Hollywood makes pointed and complex efforts to acknowledge the structural barriers that held back—and continue to hold back—people of color in the industry. But the writers struggle to make their assertions feel organic. When former First Lady Eleanor Roosevelt just so happens to run into Avis at a National Organization of Women fundraiser, she’s so inspired by the idea of a film starring a woman of color that she drops by the studio to make an impassioned case for representation. Her speech sounds lifted from a pamphlet called “Representation for Dummies,” and anyone who has ever made a case for a more inclusive room must groan at how easily it lands in an all-white room. Hollywood’s main shortcoming keeps cropping up: It’s just never that easy in the real world, and part of what makes a milestone profound is the perseverance, often absurdly single-minded, to keep fighting after every loss. A victory without loss feels hollow.

That holds especially true for Hollywood’s depictions of Anna May Wong (Michelle Krusiec) and Hattie McDaniel (Queen Latifah). The real Wong was the daughter of a Chinese laundry owner, and she spent the tips she earned as a delivery girl on movie tickets. Though she became the first Asian American actress to achieve star status in Hollywood, she was relegated to stereotyped roles—and was vocal about the unfairness of only casting “Oriental” actors as villains. When a starring role came up for a film set in China, The Good Earth (1937), Wong saw an opportunity to break through the bamboo ceiling. Instead, she was offered the role of the antagonist, while every other role would be filled by an actor in yellowface. The incident comes up early in the series, with a bit of context by way of flashback. Darren Criss as Raymond laments the injustice aloud and makes a point of casting Wong in Meg, for which she wins her long-deserved Academy Award.

Queen Latifah’s Hattie McDaniel likewise revisits—and conquers—her best-known moment of discrimination. When the actress, nominated for an Academy Award for her role in Gone With the Wind (1939), was initially refused entry to the ceremony held in a segregated hotel, the reimagined McDaniel tells Camille not to tolerate the same injustice. And indeed, Camille stares down the ushers who refuse to open the door and demands entry. She gets it—though the two white stars standing behind her and the white-passing director on her arm almost certainly tip the scales. After the show, McDaniel comes backstage to see a jubilant Camille and gives a satisfied smile, noting that “they let me in this time.” 

In both cases, Murphy tries to correct historical injustices, but papers over the complexities of each woman and their hard-won accomplishments. Anna May Wong never won an Oscar. She did break ground as the first Asian American lead of a U.S. television show in The Gallery of Madame Liu-Tsong (1951), worked on one of the first TV documentaries about China narrated entirely by a Chinese American, and received a star on the Hollywood Walk of Fame in 1960—all without the assistance of a plucky first-time director like Raymond. Hollywood also fails to account for Wong’s own activism, as she spoke out about stereotyping more than a decade before Hollywood takes place and opting for smaller roles in B-movies where she was able to play professionals, rather than settling for minor, offensive roles in major pictures. 

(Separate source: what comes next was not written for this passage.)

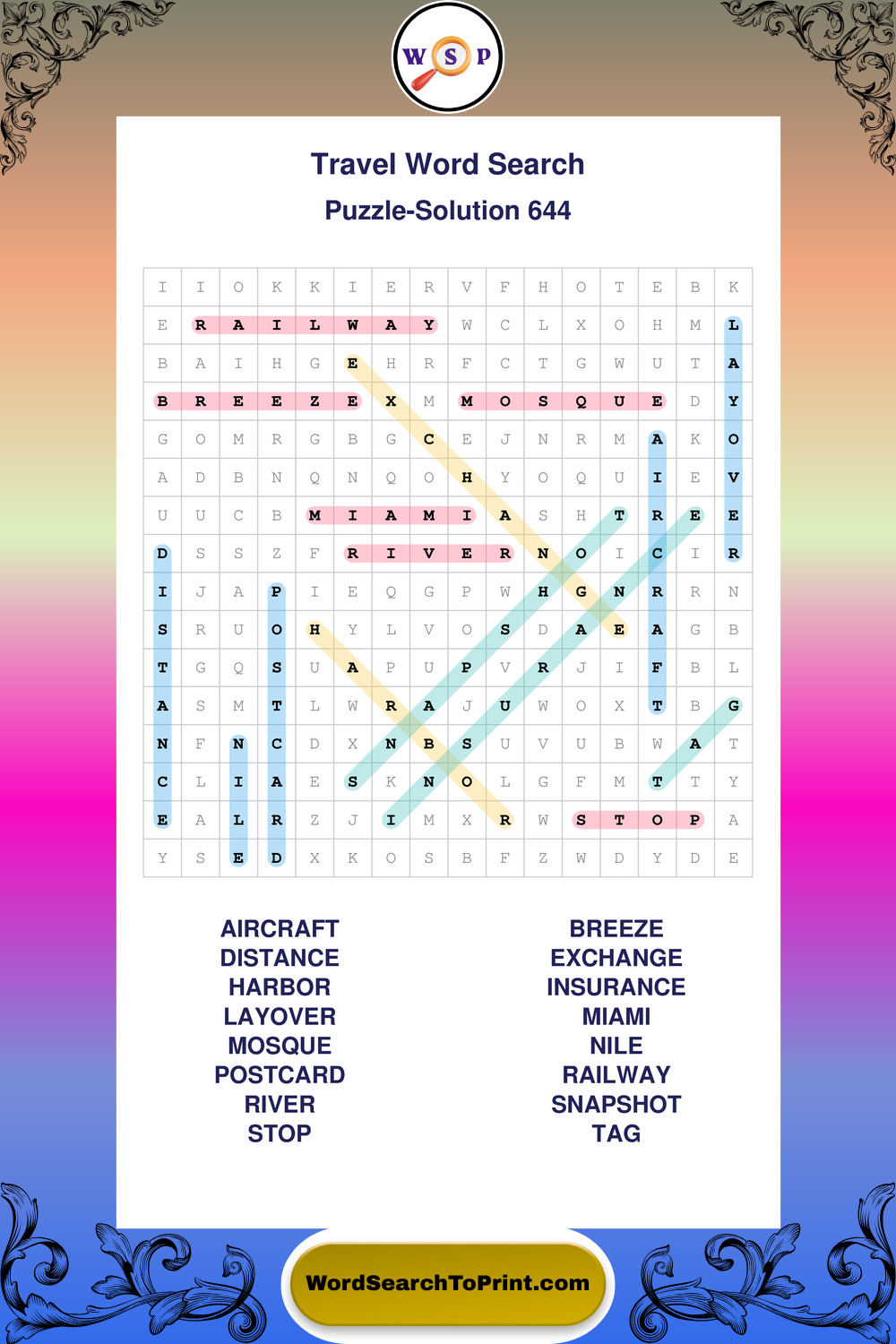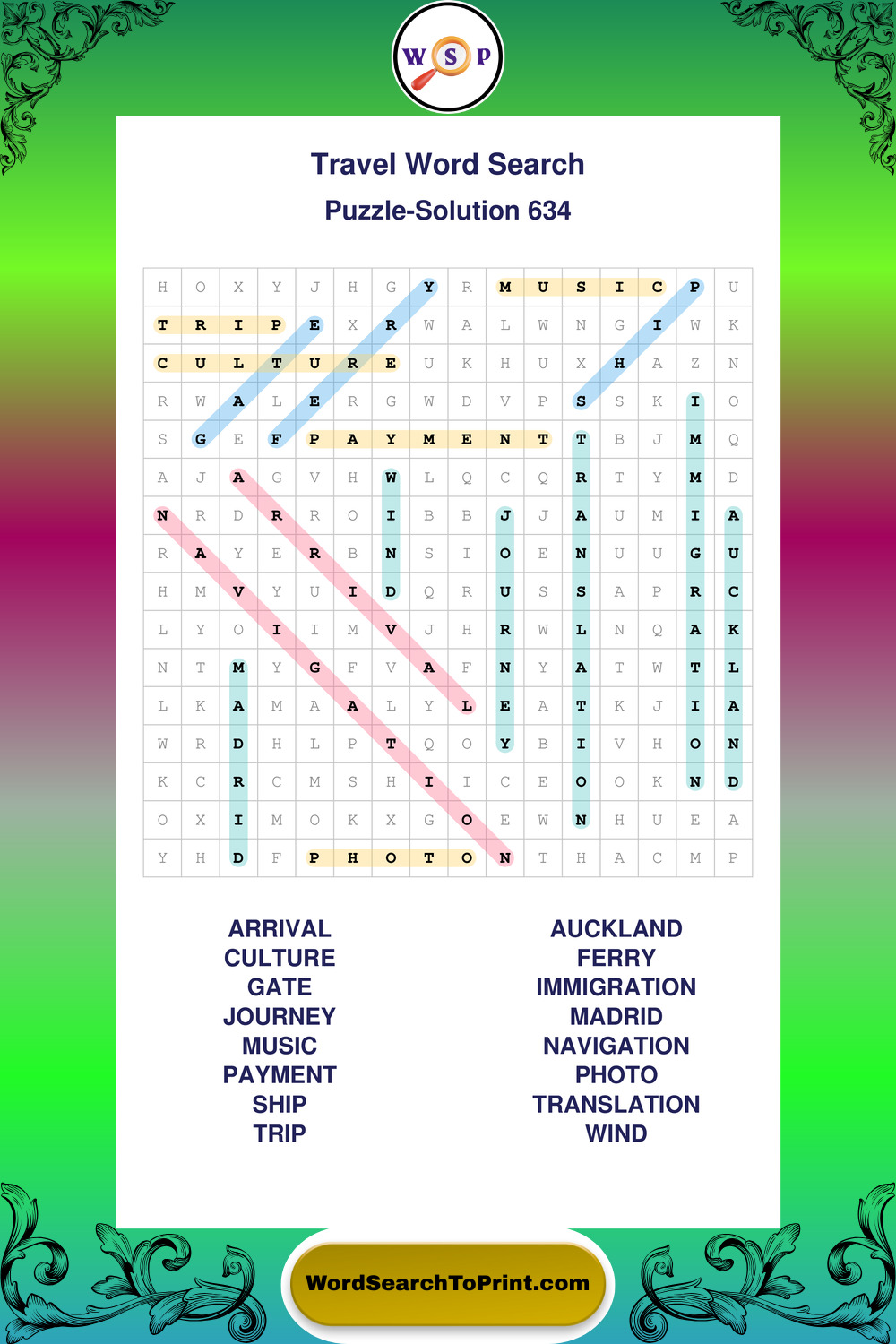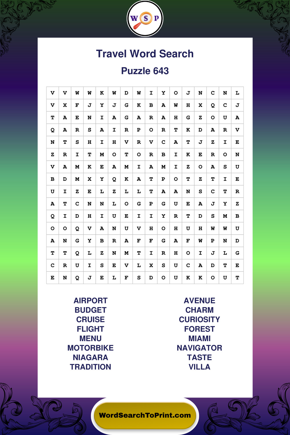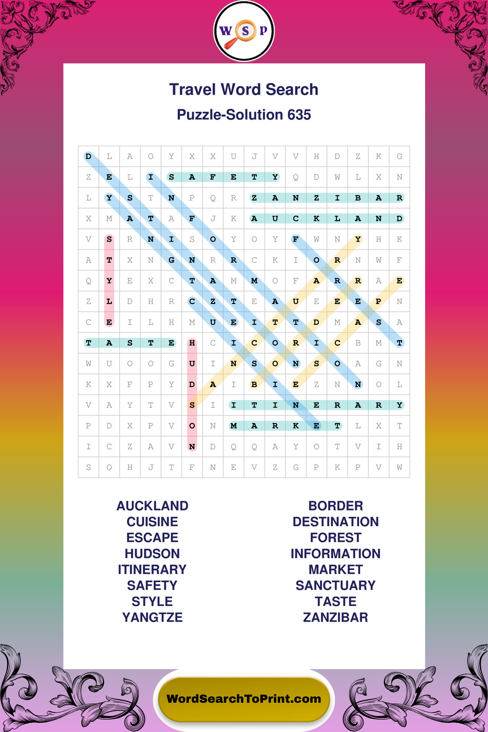 Enjoy these free large print Travel wordsearches designed for easy reading and relaxed puzzle solving. Perfect for teens, adults, and seniors.

McDaniel did find herself settling for such roles, though, and an indelible part of her legacy remains how she was scorned by the NAACP and much of the Black community for it. She, along with other Black actors who had made careers out of the only roles they could get, knew that rejecting roles as maids and butlers would leave them with few options in which to make a living. In The New Jim Crow, published in 2010, author Michelle Alexander points out the long tradition of Black performers having to participate in stereotyping in order to carve out a space on stage and screen. “Black minstrels,” she explains, “were largely viewed as celebrities, earning more money and achieving more fame than African Americans ever had before. Black minstrelsy was the first large-scale opportunity for African Americans to enter show business.” These early opportunities had been precisely the platform McDaniel used to gain recognition before moving to motion picture work. 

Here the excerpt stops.